Proof: We shall prove \(\mathrm{range}(I-P)=\mathrm{null}(P)\) as follows.

First, for any \(v \in \mathrm{null}(P)\) we have \(v = v - P v = (I-P)v \in \mathrm{range}(I-P)\). Hence, \(\mathrm{null}(P) \subseteq \mathrm{range}(I-P)\).

Next, for any \((I - P) v \in \mathrm{range}(I - P)\) we have \(P(I-P)v = (P - P^2) v = 0\). Thus, \(\mathrm{range}(I-P) \subseteq \mathrm{null}(P)\).

Now, by writing \(P = I - (I - P)\) we can obtain \(\mathrm{range}(P) = \mathrm{null}(I - P)\).

\(\mathrm{null}(P) \bigcap \mathrm{null}(I - P) = \{0\}\) because for any \(v \in \mathbb{C}^m\) in both of them satisfies

\[v = \underbrace{ v - P v}_{\text{in null}(P)} = \underbrace{ (I - P) v}_{\text{in null}(I - P)} = 0.\]

Proof is completed. □

Remark. It should be pointed out that a projector projects the space onto a subspace. In the Figure Projector the hyperplane \(S_1\) is a subspace since it passes through origin.

(Proposition.) The eigenvalues of the projector is either 0 or 1.

Proof: Suppose \(P\) is a projector and let \(\lambda\) be its eigenvalue and \(v\) be the corresponding eigenvector then

\[\begin{array}{lll} P v &= \lambda v &\Rightarrow P^2 v &= \lambda P v \Rightarrow\\ P v &= \lambda^2 v &\Rightarrow \lambda v &= \lambda^2 v \end{array}\]

If \(v \ne 0\) then \(\lambda = 0\) or \(\lambda = 1\). □

Figure Orthogonal Projector

(Orthogonal Projector.) An orthogonal projector projects the space onto a subspace \(S_1\) along a subspace \(S_2\), where \(S_1\) and \(S_2\) are orthogonal. Any projector that is hermitian is orthogonal projector.

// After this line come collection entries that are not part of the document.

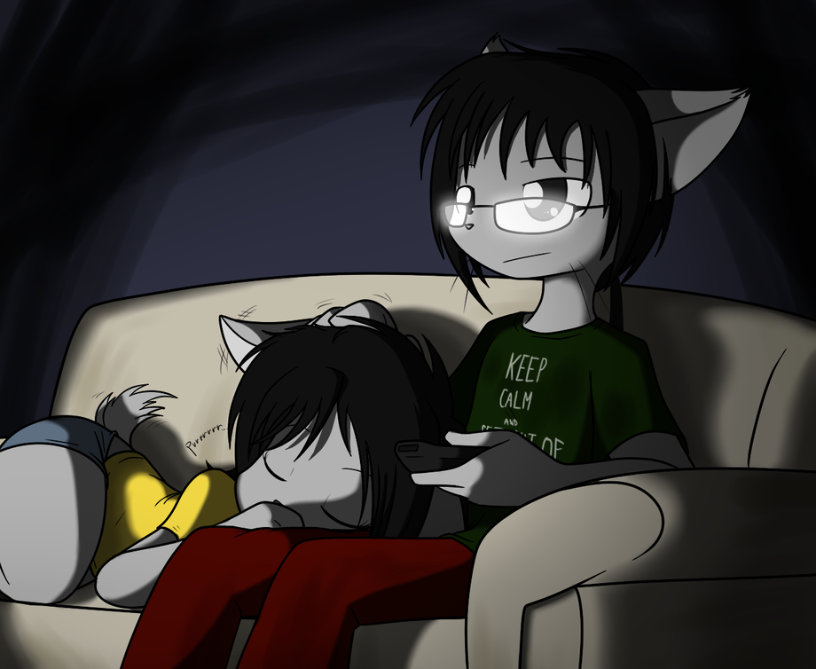a typical night with my cat and his sister just... chilling out together watching some TV.
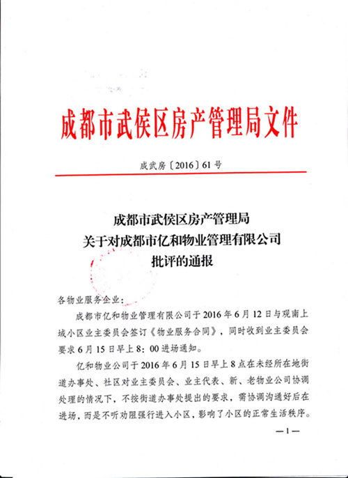 上一条:关于对中海物业管理有限公司成都分公司信用加分的通报 下一条:关于举办成都市物业管理创新发展经验交流活动暨走近“2015年度成都市物业服务品牌企业”参观学习交流活动的通知
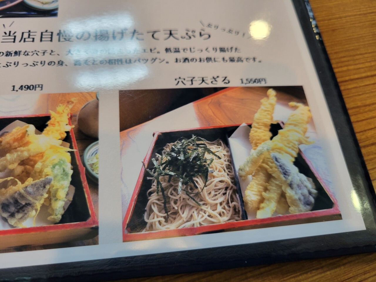 で、感動は神対応だけではなくて、食事にも感動したんですよ。というか度肝を抜かれましたね。前回食べたとろろそばが美味しくておいしくて、またとろろそばを食べたかったのですが、記事にするなら違うメニューにしなきゃなと思って、当店自慢となっていたおススメの穴子天ざるを頼んだんですよ。これがまた大正解。
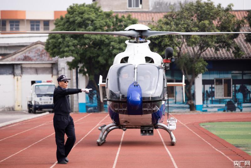 直擊佛山春運(yùn)首日,警用直升飛機(jī)護(hù)航春運(yùn)。廖鼎 攝
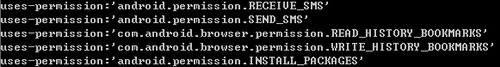 圖:增加的權(quán)限部分:加了收取和發(fā)送短信以及讀取和寫(xiě)入書(shū)簽的權(quán)限
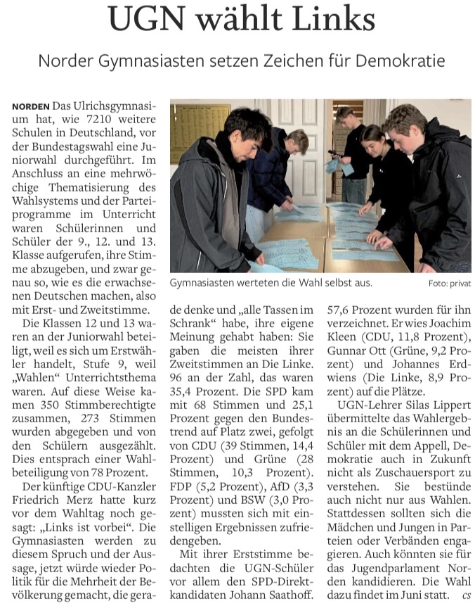 Die Jahrgänge 9, 12 und 13 nahmen an der Juniorwahl am UGN teil und sorgten für ein Ergebnis, das deutlich vom Ergebnis der wählenden Gesamtbevölkerung abweicht.
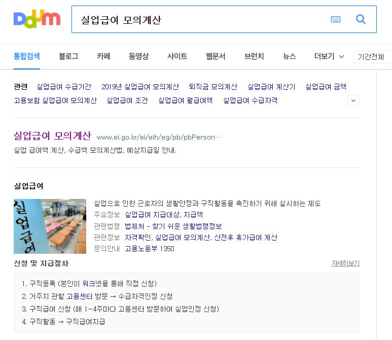 모의계산 서비스를 이용하기 위해서는 '다음' 에서는 실업급여 모의계산, '네이버' 에서는 고용보험 이라고 검색을 하시면 쉽게 고용보험 홈페이지에 들어가실 수 있습니다,

\[v_2 = v - P v = (I - P) v \in \mathrm{range}(I - P) = \mathrm{null}(P) = S_2.\]

For \(v_2 \in S_2\), \(P v_2 = 0\) since \(S_2 = \mathrm{null}(P)\).

Figure Reflector

(Proposition.) If \(P\) is an orthogonal projector, \(I - 2P\) is a unitary matrix.

Proof: It is easy to verify \((I - 2P)(I - 2P)^* = I\). □

As the Figure Reflector shown \((I - 2P)v = (I - P)v - Pv = v_2 - v_1\), that is, \(I - 2P\) is a reflector. It is used to construct reflector in Householder QR Factorization.